General maintenance practices tend to deal with repair and replacement of nonstructural elements that protect the underlying structure from deterioration.

For a parking structure, these can include:

  • Cleaning (debris, trash, bird droppings)
  • Waterproofing (joint sealants, traffic coatings, sealers)
  • Best practices for removal of snow (such that waterproofing elements are not damaged)
  • Chloride washdowns and flushing of drains

Service Life Optimization

Failed joint sealant between precast double tees, exposing structural connection. Inaction will eventually change the condition from category B (replacement of the joint sealant) to categories C and D (deterioration of the precast concrete and underlying structural connections).

C: Repair and Maintenance

At this phase, isolated concrete removal and replacement is necessitated typically due to issues or inaction in phases A and B. In general, the structure itself is salvageable and repair costs are not approaching the replacement cost for the entire structure.

Service Life Optimization

Concrete deterioration at slab edge (left), and the same condition approximately three years later (right). Inaction and the subsequent corrosion of steel has accelerated the deterioration of the concrete, which is reflected in the cost to remedy this isolated condition.

D: Renovation

At this phase, widespread concrete removal and replacement is necessitated, typically due to issues or inaction in phases A-C. In general, the cost to repair the structure is approaching the cost to replace the structure in its entirety.

Service Life Optimization

Widespread concrete removal and replacement, which is significantly more costly than general maintenance (phase B) or isolated repairs (phase C).

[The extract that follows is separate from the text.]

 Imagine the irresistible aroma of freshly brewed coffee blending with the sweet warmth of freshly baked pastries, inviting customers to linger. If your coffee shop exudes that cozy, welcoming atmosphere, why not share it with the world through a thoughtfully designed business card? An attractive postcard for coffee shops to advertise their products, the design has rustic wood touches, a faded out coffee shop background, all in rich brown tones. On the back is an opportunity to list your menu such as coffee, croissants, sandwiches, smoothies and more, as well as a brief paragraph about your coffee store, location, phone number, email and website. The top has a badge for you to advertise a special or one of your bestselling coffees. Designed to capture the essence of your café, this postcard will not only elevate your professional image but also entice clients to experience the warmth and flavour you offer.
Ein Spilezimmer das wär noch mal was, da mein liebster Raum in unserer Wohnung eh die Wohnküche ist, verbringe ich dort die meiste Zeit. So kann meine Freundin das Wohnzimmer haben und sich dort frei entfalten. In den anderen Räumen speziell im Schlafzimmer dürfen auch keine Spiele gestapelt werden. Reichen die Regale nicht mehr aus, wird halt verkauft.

The next part of this series will address strategies for proactive maintenance.

About the Author Nick Heim, P.E.

structurecareNick Heim, P.E., is a civil engineer with six years of experience in the repair and restoration of existing structures. Nick is also the host of the AEC Engineering and Technology Podcast (“AECTECH”) and brings valuable insights and expertise to listeners worldwide.

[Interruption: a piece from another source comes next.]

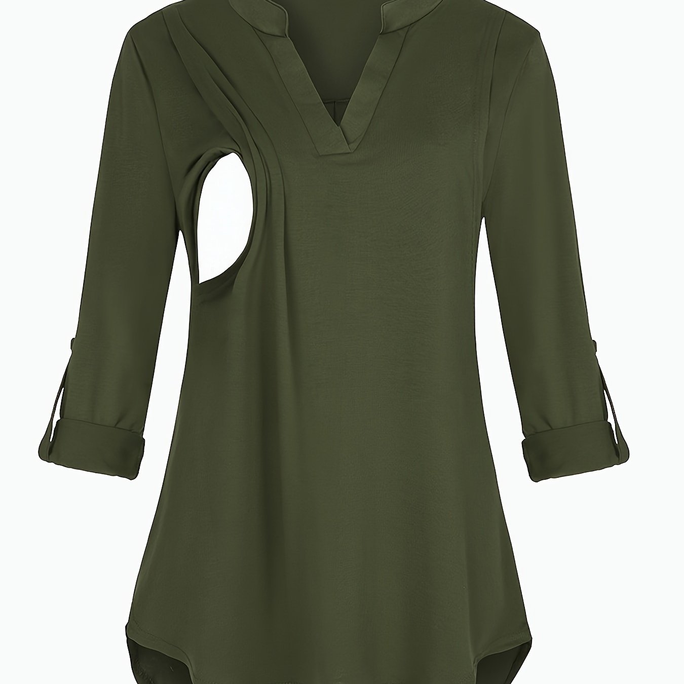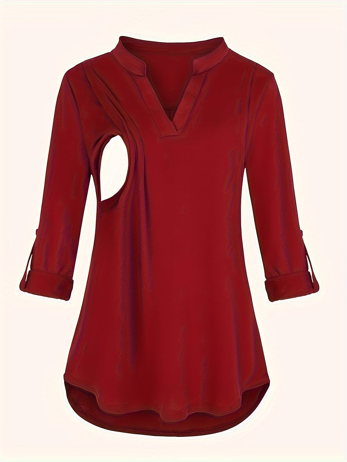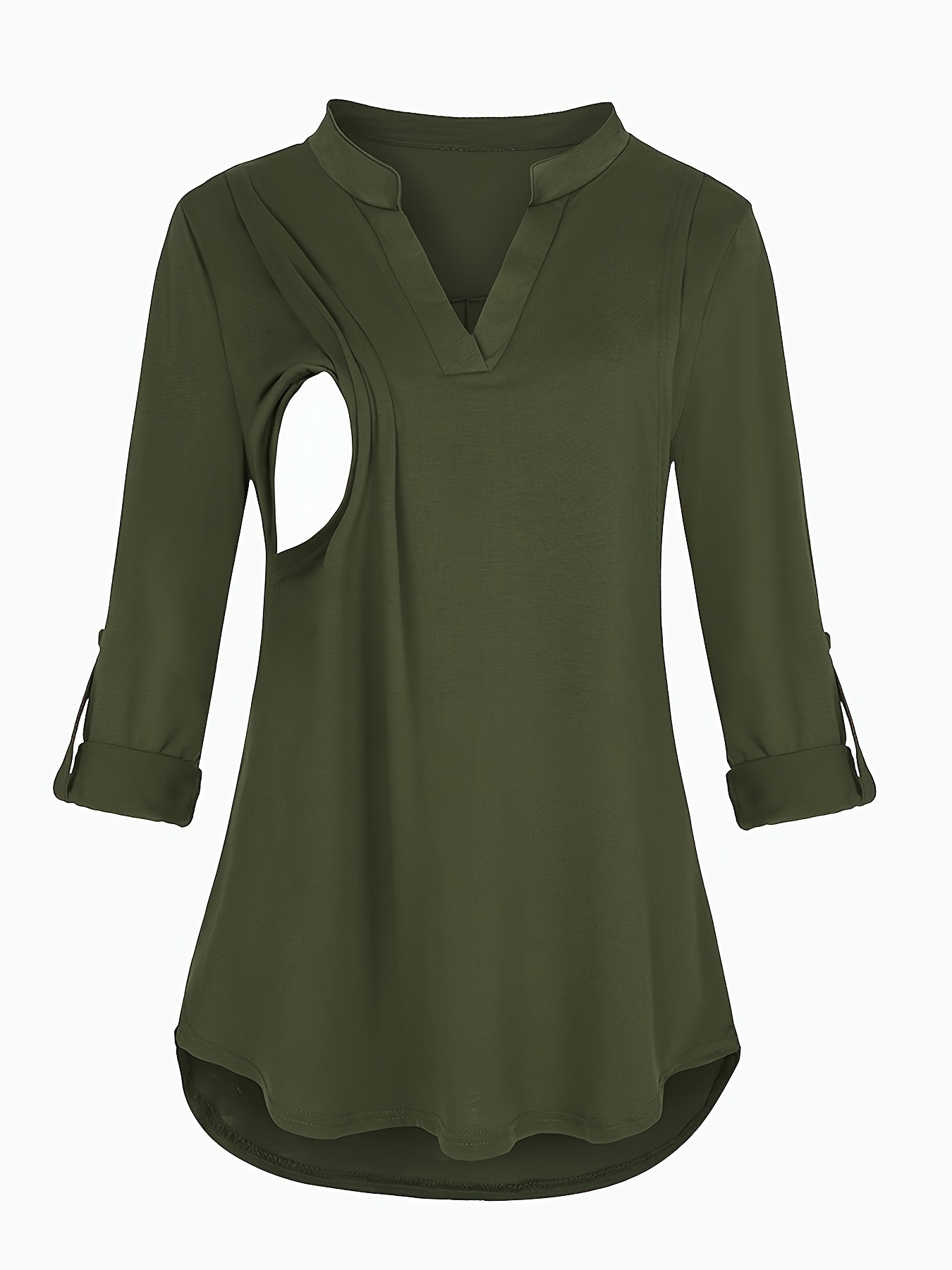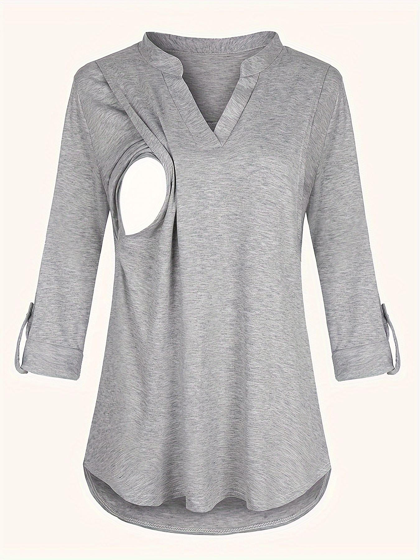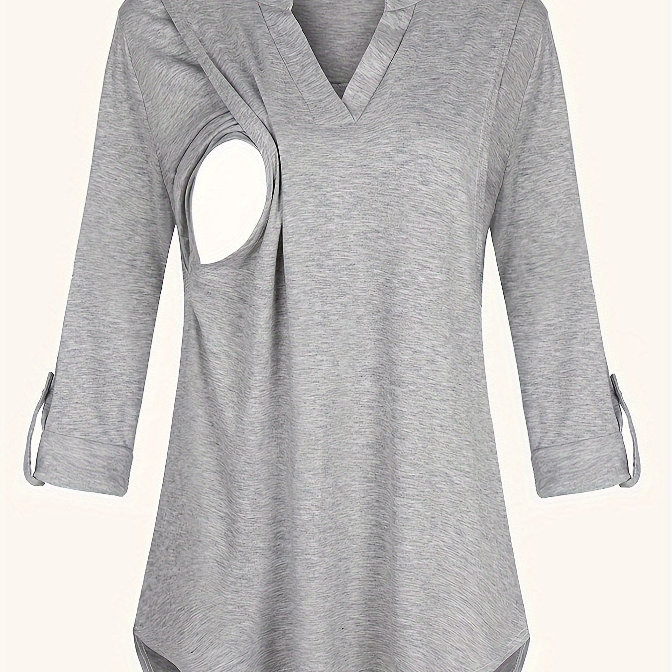 Solid Color V-Neck 3/4 Sleeve Nursing Top

Nick’s interests lie at the intersection between the built world and technology, and he can be found looking for the ever-changing answer to the question, “How can we do this better?” He can be found on LinkedIn, producing content about use of technologies in his civil engineering career and small business.

We would love to hear any questions you might have or stories you might share about costs for service life optimization.

Please leave your comments, feedback or questions in the section below.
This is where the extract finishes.